Without further ado, we have the alpaca scraping package, which allows us to gather Hotel Reviews from any city with just an m1 Mac and a broadband connection.

The details:

Step 1: Setting Up the AppleScript for Safari Automation

I started by writing an AppleScript to control Safari. The script first quits Safari to ensure a clean state, then activates it and builds a direct search URL for TripAdvisor based on the hotel name, city, and country. The cities come from our prefetched list of cities and countries with lots of hotels. For example, it constructs something like https://www.tripadvisor.com/Search?q=Hotel+Name+City+Country. This avoids the hassle of interacting with the site’s search form, which can be unreliable across different regions and includes CDN blockers as captchas. The script loads this URL in Safari, waits for the page to load, finds the first hotel matching result in the search list, and then navigates to the hotel’s page. From here we use Applescript to click the “All Reviews” link to load the full review section. Our Applesript then captures the entire page source as HTML and saves it to a file in a structured folder like hotelReviewsSaved/City,Country/hotelid_tripadvisor_hotelname.html. To handle potential issues like popups or varying page load times, the script includes checks for elements and retries. It also ensures Safari closes properly after each run to avoid interference with the next scrape.

Step 2: Integrating with the Hotel Database

Since I have built a database of cities and of hotels from Amadeus and Google, hotels are readily available with fields like hotel ID, name, city, and country. Using GORM in Go, I query the database to get a list of hotels for a specific city and country. For instance, for Austin, US, I can run

var hotels []models.Hotel

err = db.Select("city", "country", "hotel_id", "name").Where("city = ? AND country = ?", city, country).Find(&hotels).Error
if err != nil {
	log.Fatalf("Failed to query hotels: %v", err)
}

The Go program loops through each hotel, passes the details (name, city, country, ID) to the AppleScript via command-line arguments, and executes it using os/exec.
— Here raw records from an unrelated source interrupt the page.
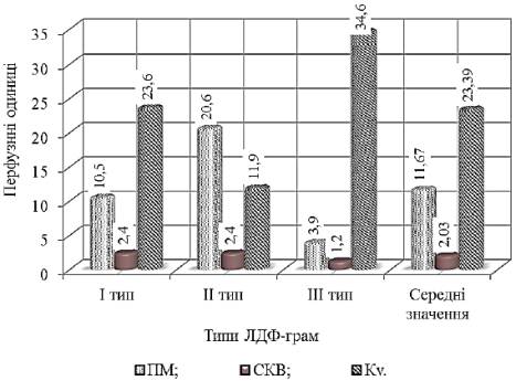 обстежених студентів було виявлено три типи ЛДФ-грам, які відповідають різним
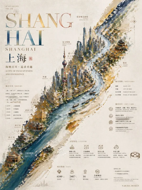 创作一张具有收藏价值、设计师海报气质与作者性审美的高完成度视觉作品。 整体风格为:油画风格 + 大师级排版文字设计。 画面需具有明显的厚涂技法质感,通过厚薄差异塑造立体感、材料感、节奏感与视觉层次,既有绘画肌理,又有现代设计感与展览级海报气质。 一、核心构图逻辑 采用居中偏斜的对角线主构图。 整张海报的核心视觉主体,不是缩在中间的一小团,而是由一条沿对角线方向大幅展开的不规则综合色带 / 图示承载区构成。 这条综合色带必须从画面一个对角方向自然延伸至另一个对角方向,形成近似贯穿全版的斜向视觉骨架,具备足够的长度、面积、张力与版面统摄力。 它必须舒展、大气、完整,不可局促,不可收缩成中间一坨,不可导致版面显得逼仄、狭窄、拘谨。 这条综合色带既像厚涂油彩横扫而成的一道主笔触,又像被提炼后的主题地貌、信息地带、文化切片或视觉载体。 综合色带的配色不能写死,必须根据用户最后输入的【城市 / 主题 / 对象 / 灵感】自动判断。 可以从该主题最典型的印象色、文化色、环境色、建筑色、情绪色中提炼出 2-3 种主色,形成高级且有层次的综合色关系。 例如可以呈现类似“紫金蓝”“赭红青”“墨绿金”“灰粉褐”等综合色逻辑,但具体色彩必须智能适配输入内容本身,而不是固定模板。 二、主体内容生成逻辑 在这条沿对角线展开的综合色带之上,承载与用户输入强相关的核心视觉内容。 如果输入的是城市: 自动提炼该城市最具辨识度的地标、建筑、名胜、水系、人文空间、历史象征、城市记忆、代表性文化元素等。 如果输入的是对象、主题或灵感: 自动提炼最有代表性的核心元素、关键场景、象征物、结构信息、文化线索、概念意象或视觉母题。 这些内容不要做成写实堆砌,不要像旅游宣传页素材拼贴,不要杂乱罗列。 必须以“极简俯视图 / 高度概括的图形化俯瞰景观 / 设计化地图感构成 / 信息化景观”的方式进行整合。 让它们像被压缩、提炼、嵌入在这条对角线综合色带之中,形成统一、克制、连续、有秩序的主图示系统。 图示区域内部必须具有连续性、流动性与整体性,让不同元素沿对角线方向自然展开、串联、过渡、呼应,形成类似视觉长卷般的观感。 不要中间挤、两头空,不要让主体断裂,不要把视觉重点缩在局部。 三、背景与留白 背景统一为米白色、暖白色或带轻微旧纸质感的纹理纸质背景。 纸面要有自然纸张纤维感、细腻颗粒感、轻微手工纸或高档印刷纸肌理。 整体背景必须干净、克制、安静,不要过度装饰,不要复杂花纹干扰主体。 必须保留大面积留白,但这种留白不是空洞无力,而是服务于对角线主结构的高级留白。 留白应让主体更突出,也让文字排版拥有足够的呼吸感、空间感、展览感与版式张力。 四、文字系统与版式逻辑 文字系统必须是整张海报的重要组成部分,而不是后贴上的说明文字。 整体文字原则上采用衬线体系统,体现高级、克制、经典、文化感、设计感兼具的大师级排版效果。 标题、主文案、副文案、知识点信息、小标注、注释性小字之间必须有清晰层级,并通过字号、疏密、错落、对齐、留白、聚散、呼应来形成真正的版式节奏。 必须明确版式优先级: 沿对角线大幅展开的综合色带 / 图示主体,是整张海报的第一视觉骨架与主叙事通道,优先级高于普通文字排版。 这条对角线主体必须保持连续、完整、舒展、不断裂。 所有大标题、拼音 / 英文大字、知识点模块、装饰文案、说明性文字,都必须服从这条对角线主体的完整性。 不得从中间横向切断主体,不得把主体拦腰打断,不得在主体最关键的连续区形成明显遮挡或割裂。 必须为对角线主体预留一条完整、清晰、连续的视觉通道。 文字系统应主要分布在主体两侧的留白区、四角留白区、边缘排版区,或沿主体边缘顺势排布,而不是粗暴压在主体中段中心。 若主体内部确实需要少量文字,只能是极少量、低干扰、嵌入式的小标注,例如局部名称、地标注释、小型标签等,并且必须顺应主体内部结构自然嵌入,不可形成大面积横截式排版。 五、拼音 / 英文大字的材质与配色 海报中必须加入一个“拼音 / 英文大字标题”,作为核心视觉文字之一。 如果用户输入的是中文城市、中文主题或中文对象,则自动提炼其拼音作为大字标题; 如果输入内容更适合英文表达,也可自动生成对应英文大字标题。 这个大字标题必须具有明显的烫印质感、金属材质感、箔印感或压印感,呈现高级、细腻、克制、具有印刷工艺美感的材质效果。 它可以带有轻微反光、压痕感、浮雕感、箔面质感、纸面烫印质感,但不能俗气,不能廉价,不能过度炫光,不能显得商业化过强。 这个材质大字的颜色方案不能被锁死为单一纯金色。 它必须根据用户输入的【城市 / 主题 / 对象 / 灵感】自动判断,灵活选择更适合的材质色彩方案,以避免画面在这部分显得死板、僵硬、单调。 可采用以下两种灵活方案之一: 方案一:统一单色 选择一种最能代表该城市 / 主题气质的材质色。 这个颜色可以是金、古金、铜金、香槟金、玫瑰金、银、铂金、墨金等金属色; 也可以是带有金属材质感的其他颜色,例如金属蓝、金属绿、金属紫、金属红、灰银蓝、青铜绿、暖棕金、墨黑金属感等。 重点不是“必须金色”,而是“具
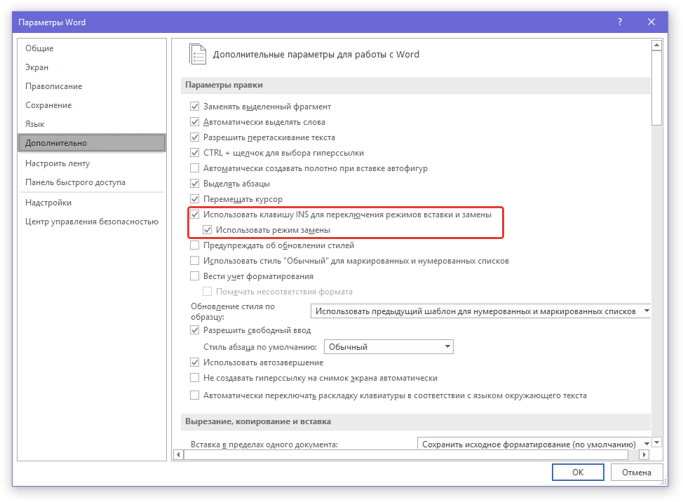 Отключение режима замены в ворде из-за которого буквы перед курсором во время набора текста стираются автоматически
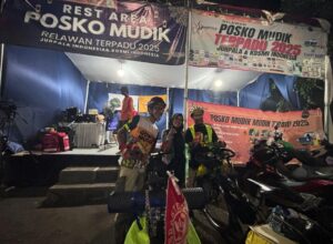 Beri Dukungan Semangat Kepada Relawan Jurpala, Tokoh Masyarakat Karang Asih Kunjungi Posko Mudik Terpadu

Between each hotel, we added a delay (e.g., 30 seconds) to avoid triggering TripAdvisor’s rate limits or bot detection.

for _, hotel := range hotels {
    fmt.Printf("Processing hotel: %s (%s)\n", hotel.Name, hotel.HotelID)

	// Run osascript with the script and arguments: hotelName, city, country, hotelID
	cmd := exec.Command("osascript", scriptPath, hotel.Name, hotel.City, hotel.Country, hotel.HotelID)
	err := cmd.Run()
	time.Sleep(2 * time.Second)
	if err != nil {
		log.Printf("Error running AppleScript for hotel %s: %v", hotel.Name, err)
		continue // Continue with next hotel
	}

	fmt.Printf("Successfully processed hotel: %s\n", hotel.Name)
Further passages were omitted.